In 1888, the newspaper Le Constitutionnel referenced a brochure by Dr. J.-J. Mauricet, who practiced medicine on the island for about fifty years. He described the Pardon of Saint-Michel, a religious festival gathering all families and clergy dignitaries, ending with meals featuring a traditional cake called fard. Many children were orphans of their fathers, but the ocean's lure remained strong for the sons, who were raised by exemplary women—mostly dressed in black due to mourning.

A prefectural decree in 1888 secularized the island's boys’ school formerly run by a religious congregation.

In 1889, Benjamin Girard noted that the population was generally prosperous; most men were sailors, and the island produced many captains for long voyages and masters for coastal shipping.

=== 20th Century ===

==== The Belle Époque ====
In 1901, Dr.
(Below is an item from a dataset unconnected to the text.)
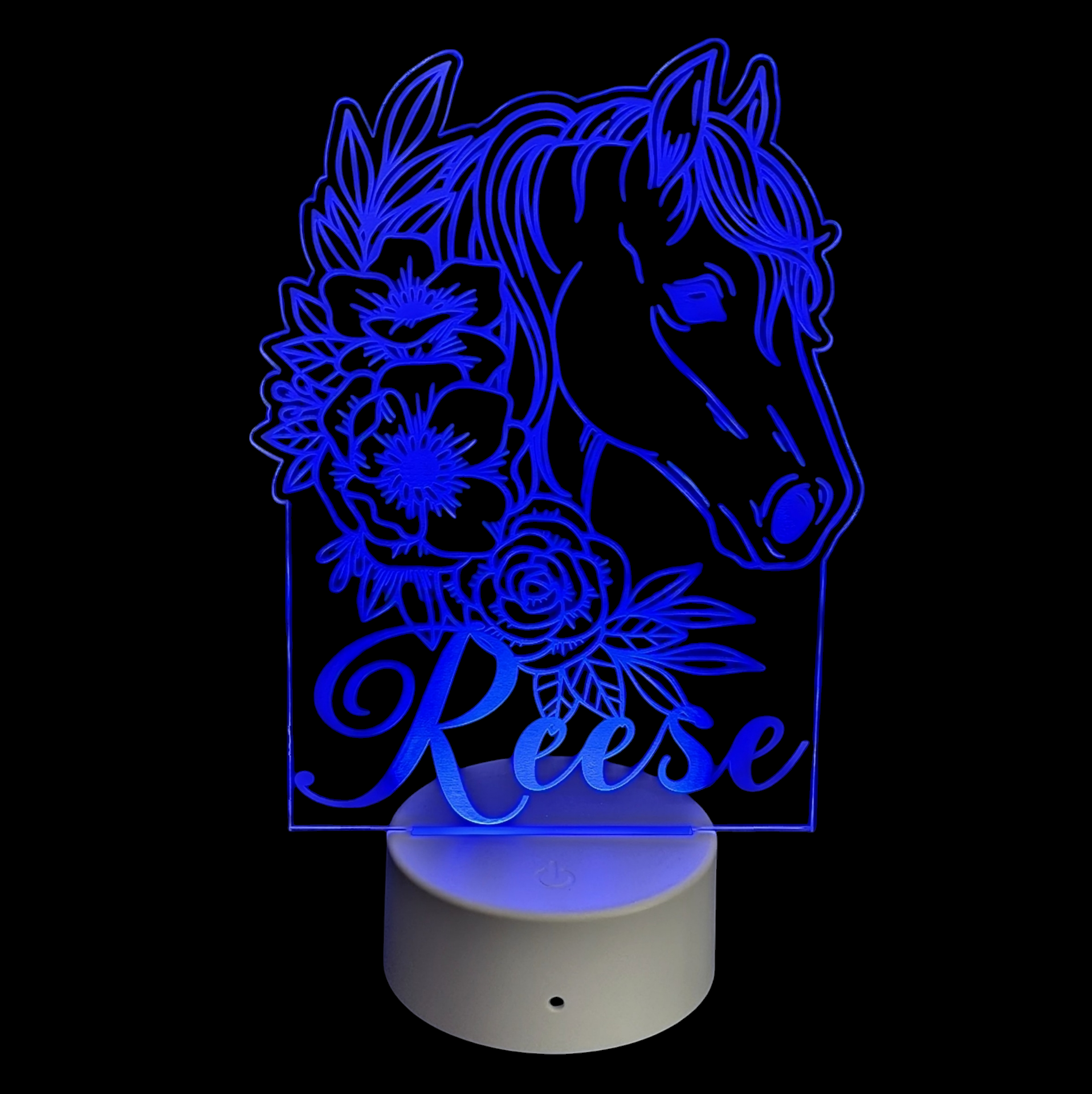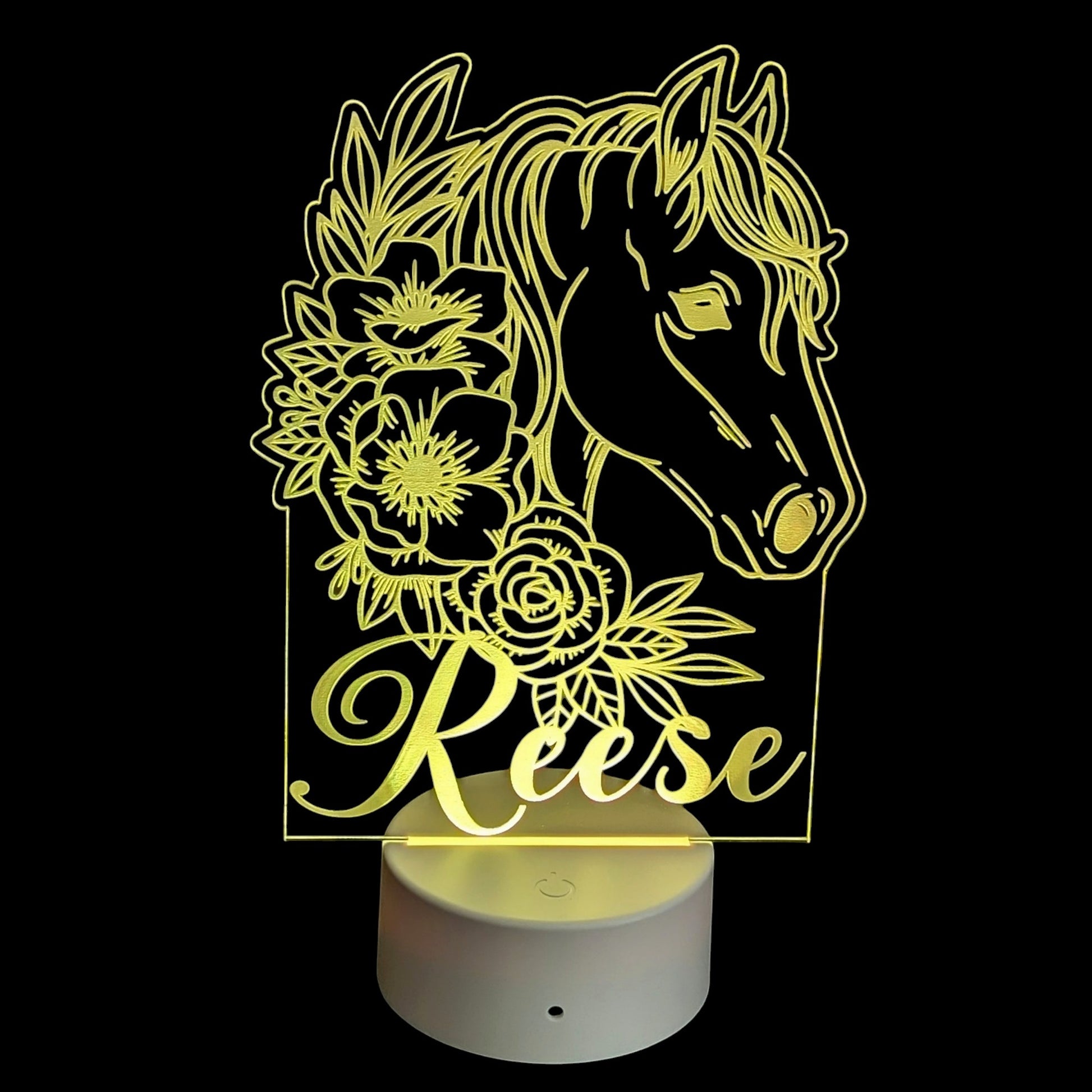 Illuminate any room and sleep peacefully with our elegant Floral Horse design LED Nightlight! This item can be personalized with a name or text of your choice. The LED base can be powered by 3 AA batteries or the included USB cord. The LED base has multiple color options. The colors can be changed by touching the power button on the base or via the included remote control.
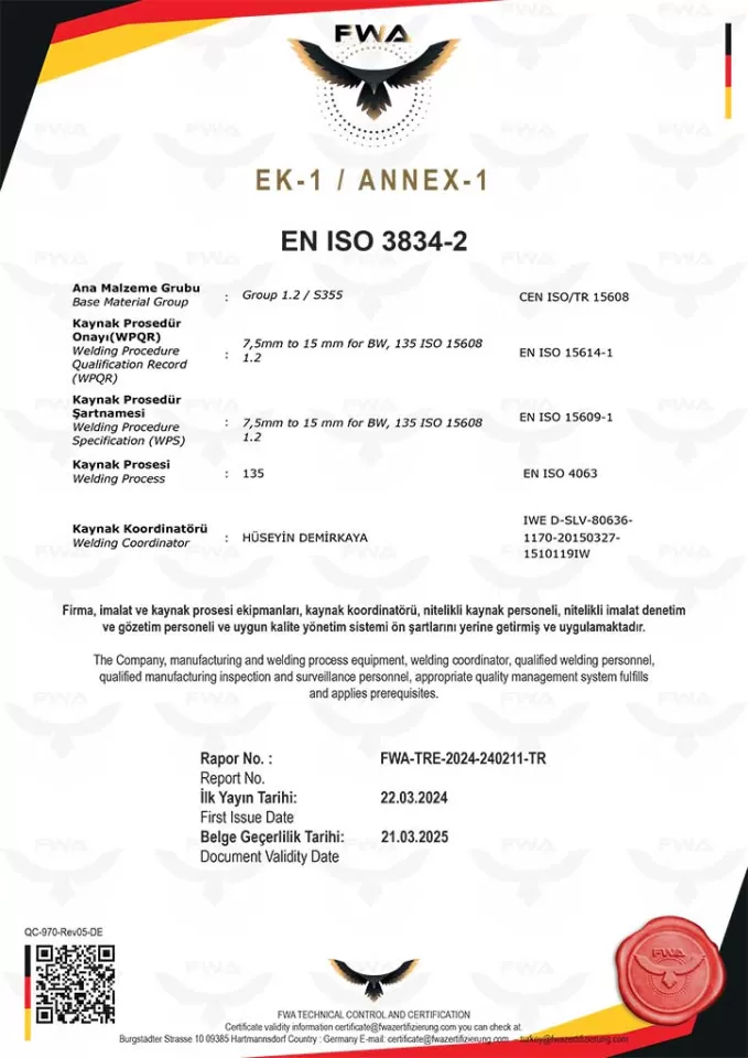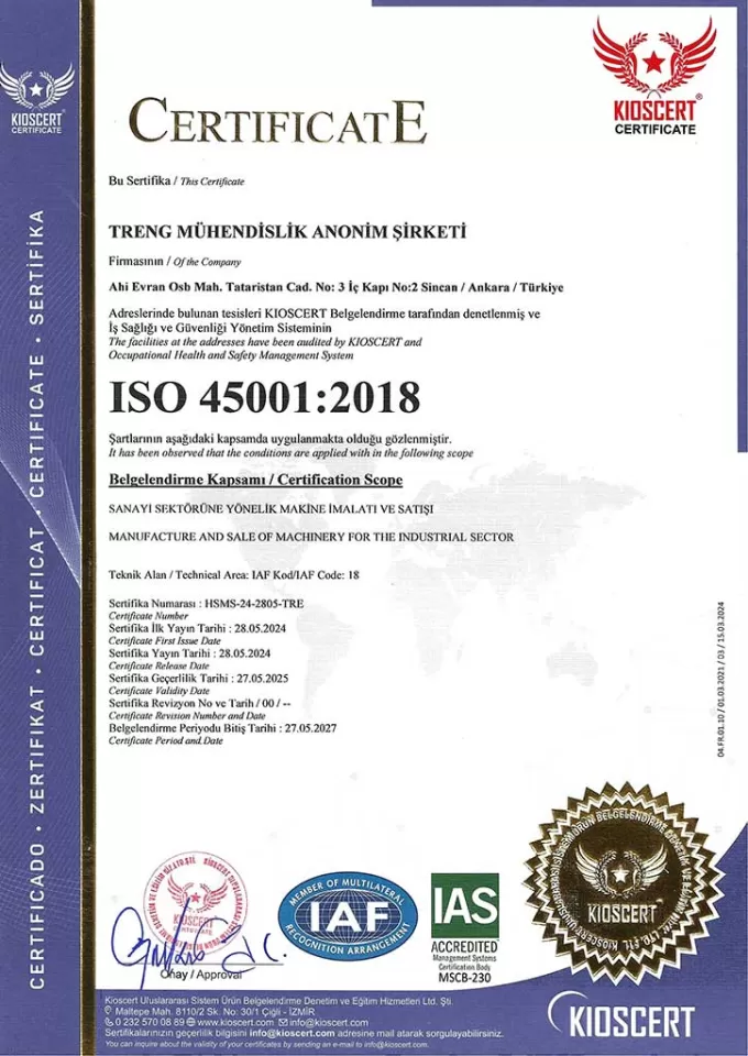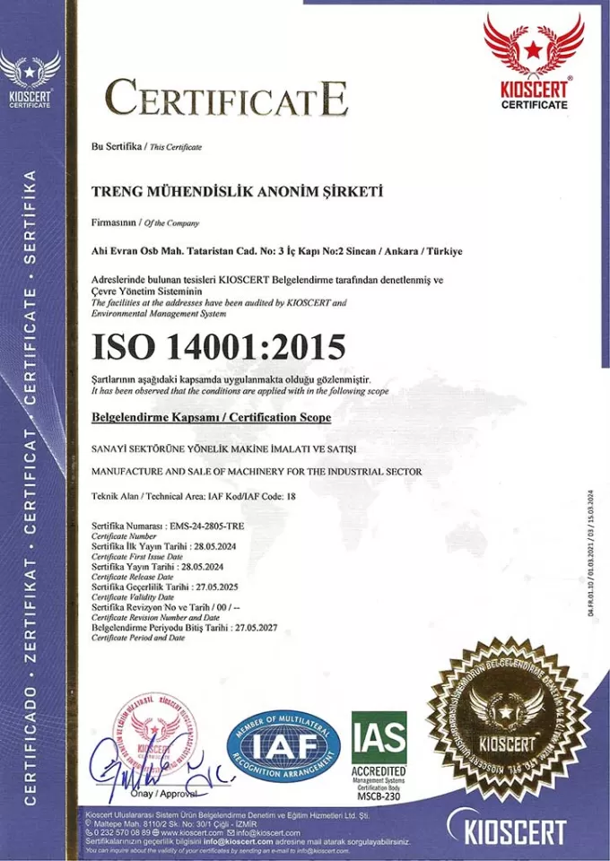 Kalite Yönetim Sistemi’nin şartlarına uymak ve etkinliğini sürekli iyileştirmek temel prensiplerimizdendir. Bu çerçevede, TS EN ISO 9001:2015, TS EN ISO 14001:2015 ve ISO 45001:2018 belgelerine sahibiz. Bu belgeler, kalite standartlarımızı ve müşteri memnuniyeti odaklı çalışmalarımızı uluslararası düzeyde tescillemektedir.

Motel from Arradon requested a special fee for his visits to Île-aux-Moines due to the delays caused by water transit and limited communication means on the island.

In 1912, Charles Géniaux described the island as "wonderful with its sunken paths, poplars trembling by the meadows, and picturesque trails laid out freely by the inhabitants, who built without regard for straight lines." He called it "the island of women," as the men were often away at sea. He also praised the island's meticulous cleanliness: “Its ground is kept like the deck of a warship, and its houses freshly whitewashed."

==== World War I ====
Île-aux-Moines war memorial lists the names of 26 sailors and soldiers who died for France. A commemorative plaque inside the parish church carries these names.

==== Interwar Period ====
In 1918, islanders complained about their precarious connection with the mainland. They argued that the steamship linking Île-aux-Moines to Vannes did not carry horses or horned cattle, making it impossible for the island's 20 farms (covering 400 to 500 hectares) to trade these animals. They requested restoration of a ferry service between Pointe du Tréch and Pointe d’Arradon, formerly provided by a boatman with a sturdy, wide boat.

In 1924, the first "Queen of the Islands" and two attendants were elected on Île-aux-Moines. The same year, plans were made to widen the landing slipway at Toul-in-Dag (Toulindac) because the high number of passengers and goods made the existing facilities inadequate; work began in 1926.

==== World War II ====
The war memorial commemorates 20 people from Île-aux-Moines who died for France during the Second World War (the church plaque lists 22 names). Among them were two Jewish refugees who had settled on the island and were victims of the Shoah, sailors, and members of the Resistance.

During the Occupation, islanders hid Jewish families, saving five children. In 1943, four adults were arrested, two of whom died in deportation. Between 2022 and 2024, an investigation by a journalist from Ouest-France helped restore this memory. In the same year, five golden stolpersteine (commemorative paving stones) were officially installed on the island's port in remembrance of these deportations.

==Demographics==
Inhabitants of Île-aux-Moines are called Ilois.